(Dataset excerpts)
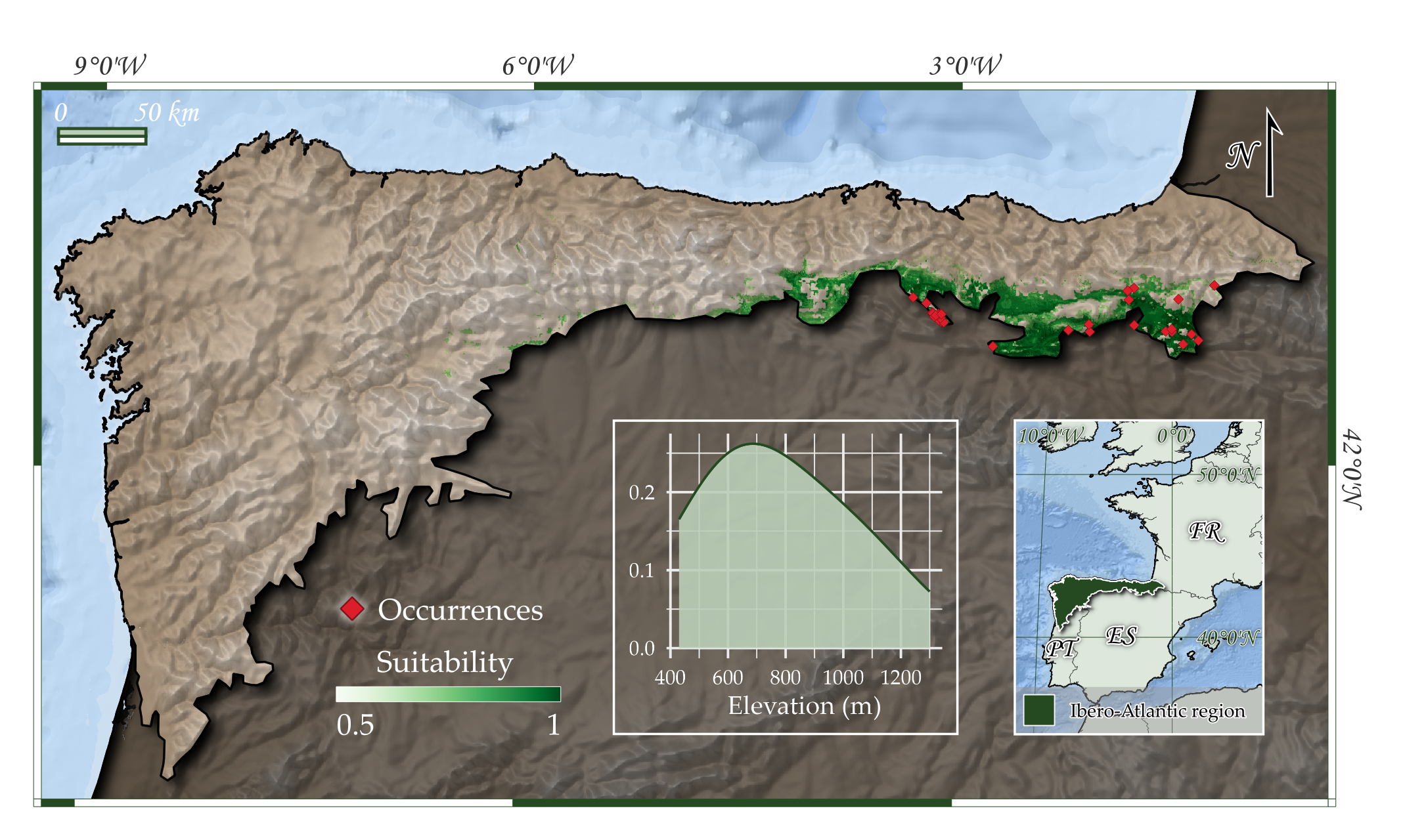 Ocurrencias conocidas y área potencial de ocupación del tipo de hábitat en la región de estudio.
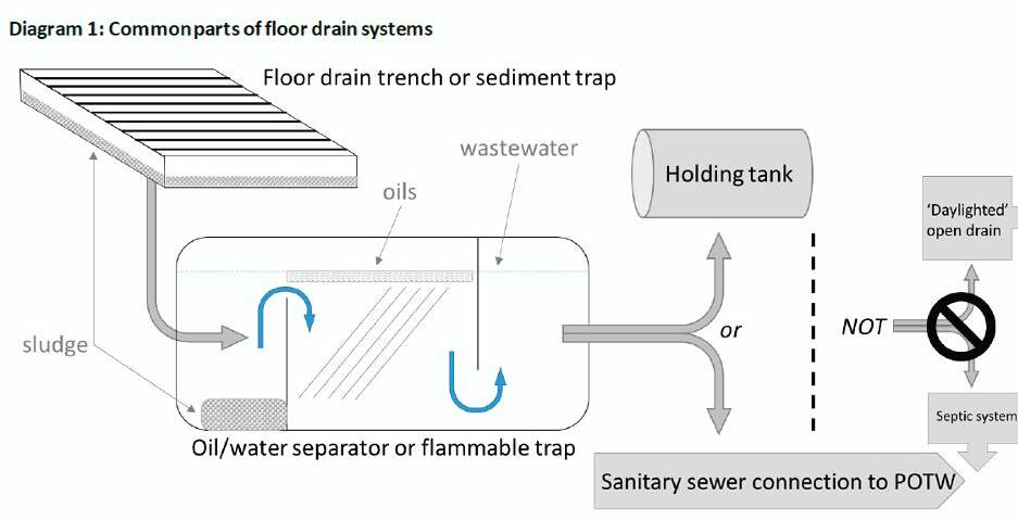 • If you have a septic system, collect all floor drain waste in a holding tank and ensure that no floor drain waste is discharged to the septic system or to the grounds outside the building.
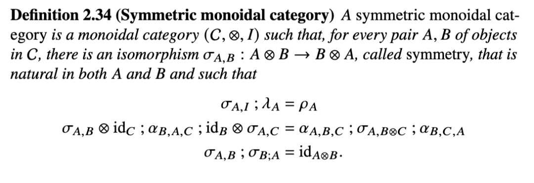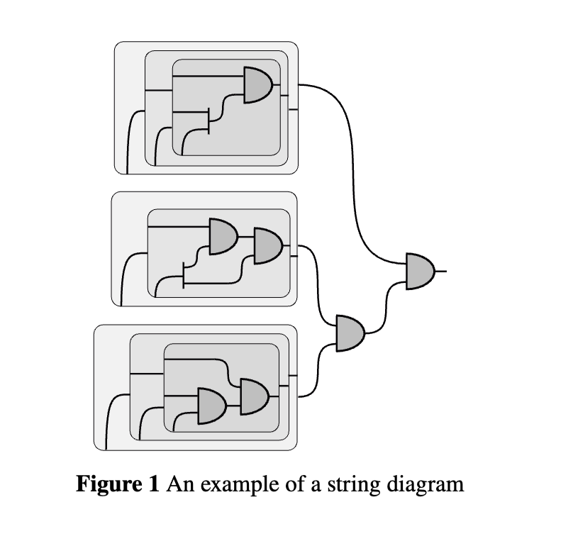 我们假设读者熟悉范畴论和弦图的基本概念,因此在本第一节中我们将快速浏览材料,仅强调那些特定于本次表述的方面。对于需要更入门级的范畴论表述的读者,有许多教程可供起步,其中许多面向计算机科学家(Pierce, 1991)。特别相关且有用的是关于弦图的教程介绍,参见非常近期的(Piedeleu & Zanasi, 2023)和经典的(Selinger, 2011)。
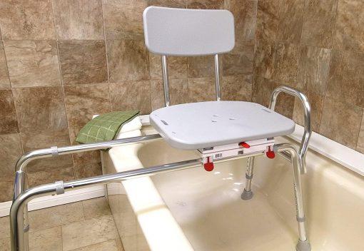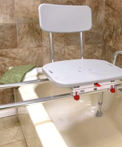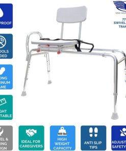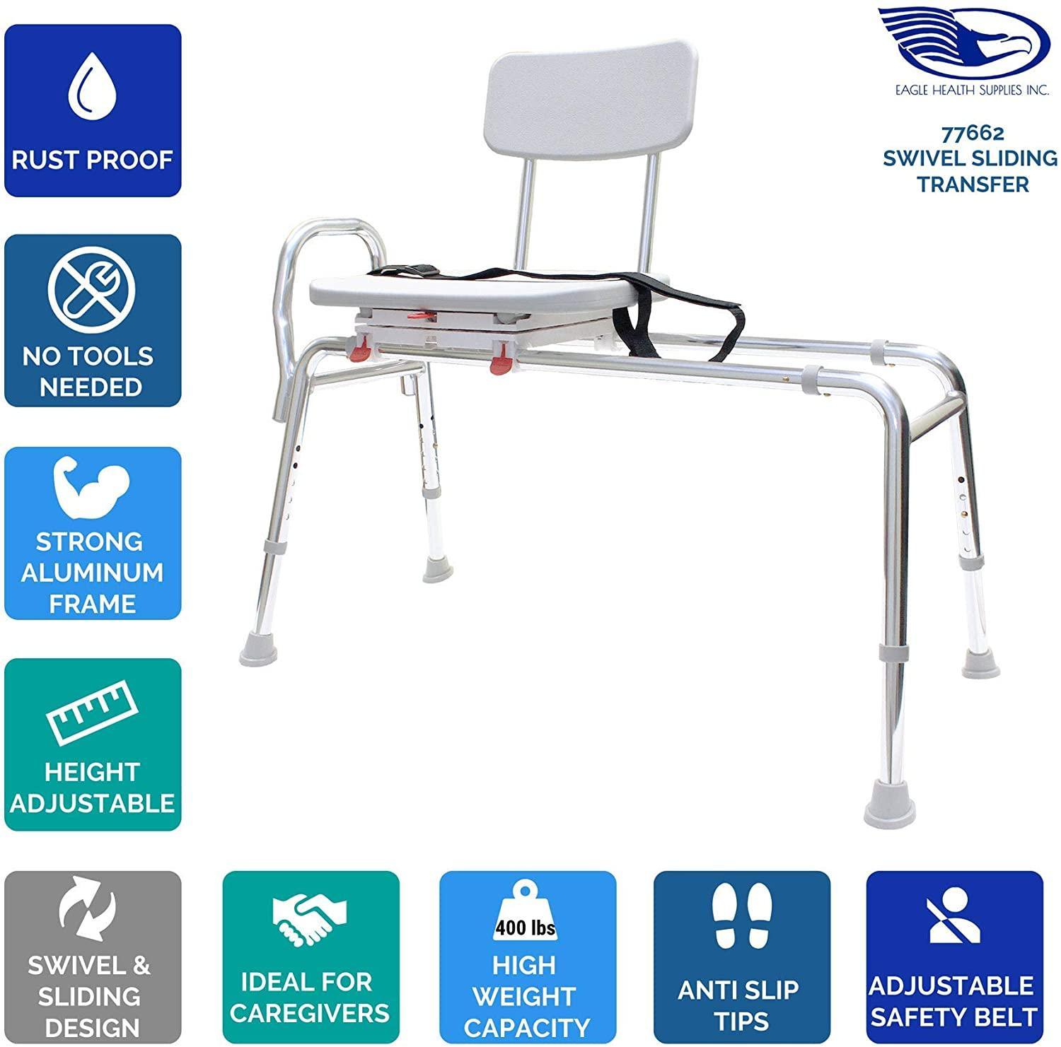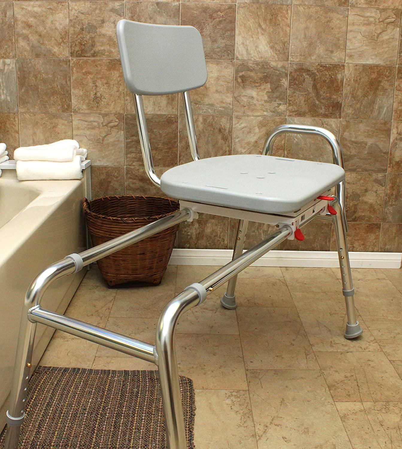 - EASE & COMFORT: Seat swivels 360°, locks every 90° for additional cleaning. Slide smoothly in and out of the tub/shower with ease. No more scooting! Reduce the risk of skin tears and infections! Less aches and pains for caregivers. Reclaim independence with this easy-to-use bath bench and sliding shower chair.
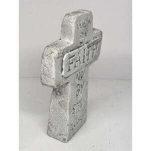 This religious 4¾" clay cross is a handmade collectible featuring the Bible verse "Walk By Faith Not By Sight" from 2 Corinthians 5:7. Made with clay, this cross symbolizes faith in Christianity and serves as a reminder to rely on one's faith rather than on human senses. Perfect for Christians looking to add a spiritual touch to their home décor or for collectors of religious items, this cross embodies the values and beliefs of the Christian faith.

EXERCISE INSTRUCTIONS: Transcribe every entry exactly, omitting pictures.

RESPONSE FOR THIS EXERCISE:
 Ocurrencias conocidas y área potencial de ocupación del tipo de hábitat en la región de estudio.
 • If you have a septic system, collect all floor drain waste in a holding tank and ensure that no floor drain waste is discharged to the septic system or to the grounds outside the building.
 我们假设读者熟悉范畴论和弦图的基本概念,因此在本第一节中我们将快速浏览材料,仅强调那些特定于本次表述的方面。对于需要更入门级的范畴论表述的读者,有许多教程可供起步,其中许多面向计算机科学家(Pierce, 1991)。特别相关且有用的是关于弦图的教程介绍,参见非常近期的(Piedeleu & Zanasi, 2023)和经典的(Selinger, 2011)。
 - EASE & COMFORT: Seat swivels 360°, locks every 90° for additional cleaning. Slide smoothly in and out of the tub/shower with ease. No more scooting! Reduce the risk of skin tears and infections! Less aches and pains for caregivers. Reclaim independence with this easy-to-use bath bench and sliding shower chair.
 This religious 4¾" clay cross is a handmade collectible featuring the Bible verse "Walk By Faith Not By Sight" from 2 Corinthians 5:7. Made with clay, this cross symbolizes faith in Christianity and serves as a reminder to rely on one's faith rather than on human senses. Perfect for Christians looking to add a spiritual touch to their home décor or for collectors of religious items, this cross embodies the values and beliefs of the Christian faith.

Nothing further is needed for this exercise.